Still, Bob was clearly rattled. Not that he has a problem with hunting. In his younger days, he told me, before glaucoma stole his vision, there was never a year his freezer wasn’t full. I know he misses those days. I do, too, actually, but when I stopped eating meat, I stopped hunting. Call me old school, but I believe if you shoot it, you eat it. Nuisance animals excepted.
The trouble Old Bob had with One-Eye’s demise comes from how individually personable and sociable Canada geese can be—and how attached he’s become to them since he started helping here. I can’t tell you how many times I found him sitting with One-Eye, hand-feeding him an apple and sharing whatever’s on his mind at the time. He tried that with me a few times, and failed. Now, if he’d handed me a joint or a splash of The Famous Grouse, I’d be happy to sit (or collapse) and let him drone on for hours.
Duck deaths don’t bother Bob much. Or me, for that matter. Unless a duck is injured or sick, they rarely go anywhere here—and they go anywhere they damn well please, including inside the house if I leave the door open (lesson learned)—without their flock-mates (on average 30). Distinguishing one from another, let alone relationship building, is beyond difficult. Yet, I will always try. Which makes people wonder: what the duck is wrong with me?
But wait, there’s more! I spend thousands every year on feed for waterfowl that have plenty to eat from the land and lakes in my neck of the woods. I risk life and limb placing bales of straw in prime nesting spots when there’s already an abundance of material they can collect themselves. I suffer through sleepless nights nursing the wounded and sick, and half never recover anyway.
Why? For the same reasons you move heaven and earth for Fido or Fluffy: You love them, they bring you joy, and you’ll do anything you can to make their lives better. And should they ruin your favorite (fill in the blank) or force you from bed at ungodly hours, or cause you to pay for the new dock at the veterinarian’s cottage—so be it. Right? But I think this is where we part company: I fully expect my animals (yes, birds are animals) to be eaten. Raise your hand if you want your fur baby to become a meal. I thought so.
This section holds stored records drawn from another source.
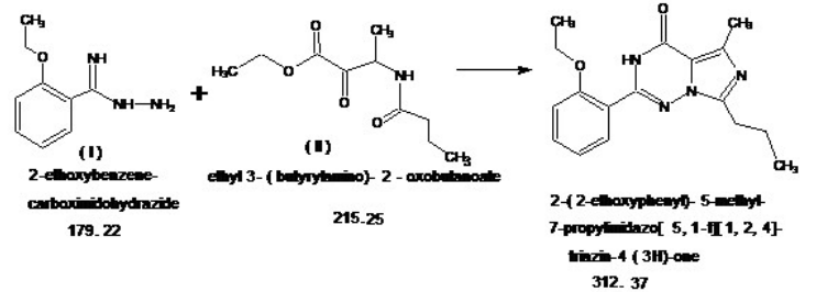 2-(2-Etoxifenil)-5-Metil-7-Propilimidazo[5,1-F][1,2,4]triazin-4(3H)-ona (CAS: 224789-21-3) é um intermediário de Vardenafil (CAS: 224785-90-4) / Cloridrato de Vardenafil (CAS: 224785-91-5). Vardenafil é um novo inibidor da PDE5 lançado para tratamento oral da disfunção erétil masculina e apresenta semelhança estrutural significativa com o sildenafil (Viagra), que foi o primeiro inibidor da PDE5 introduzido em 1998 para esta indicação.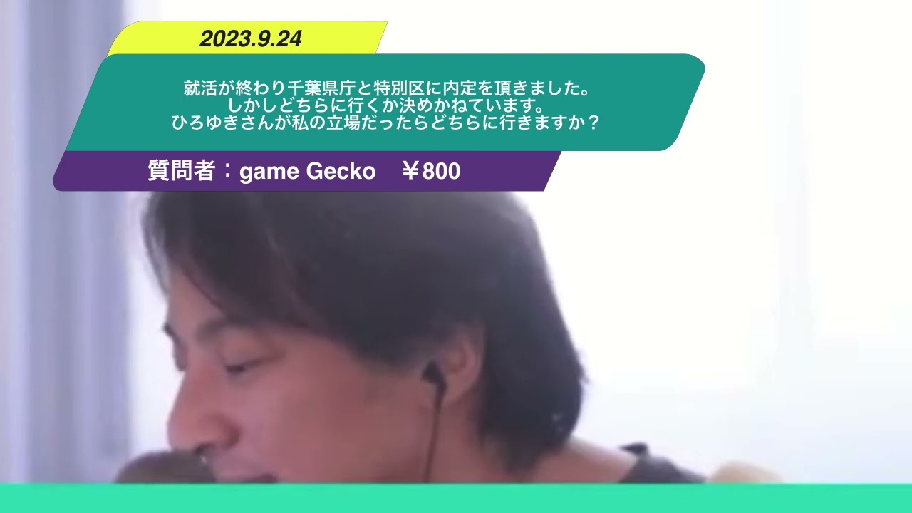 就活が終わり千葉県庁と特別区に内定を頂きました。しかしどちらに行くか決めかねています。千葉県庁はやりたいことができますが待遇があまり良くなく、特別区はやりたい仕事ではないですが待遇や職場環境がいいです。ひろゆきさんが私の立場だったらどちらに行きますか?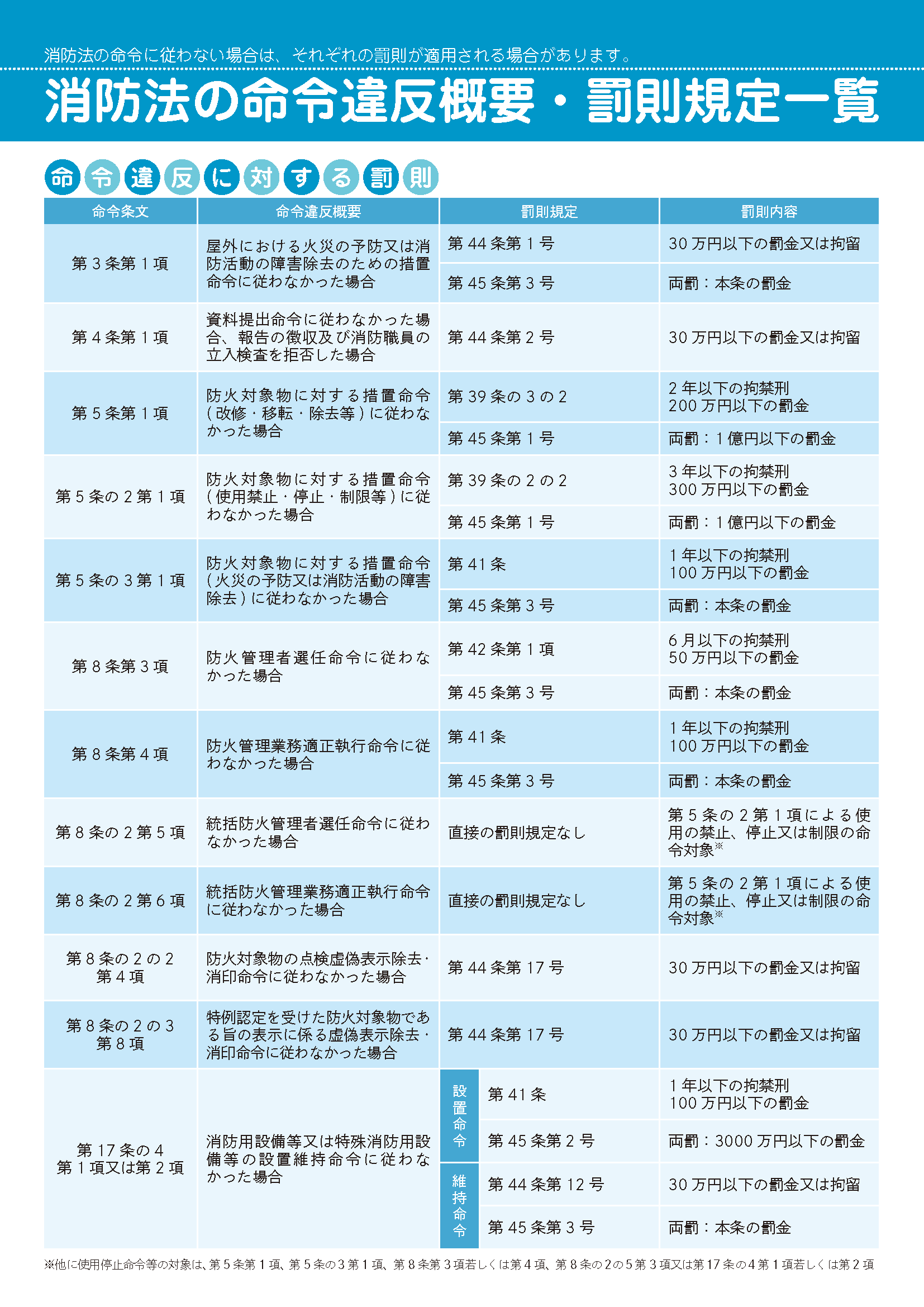 消防法の命令違反概要・罰則規定一覧

One-Eye was resting comfortably in my freezer until a few days ago. I’ve decided to honor him with a place on our Thanksgiving table tonight—in a tureen. I can’t cook worth a damn but I think I can manage making chowder with him. The recipe calls for cream, loads of cream, which should camouflage all my errors perfectly! Old Bob will be here this evening. Will I tell him it’s One-Eye I’m ladling into his bowl? Certainly not. I’m pretty sure my chowder will end up being hard enough to swallow—and salty tears will do nothing to improve that.
According to lore, Canadians celebrate Thanksgiving in October, a month before Americans, because winter comes sooner and they want the harvest fresh, not frozen. Barbara wishes Christmas was also earlier in the Great White North—so her friends aren’t frozen by the time they reach her door. Turns out they can be de-iced by copious amounts of The Famous Grouse, every hour on the hour. Go figure.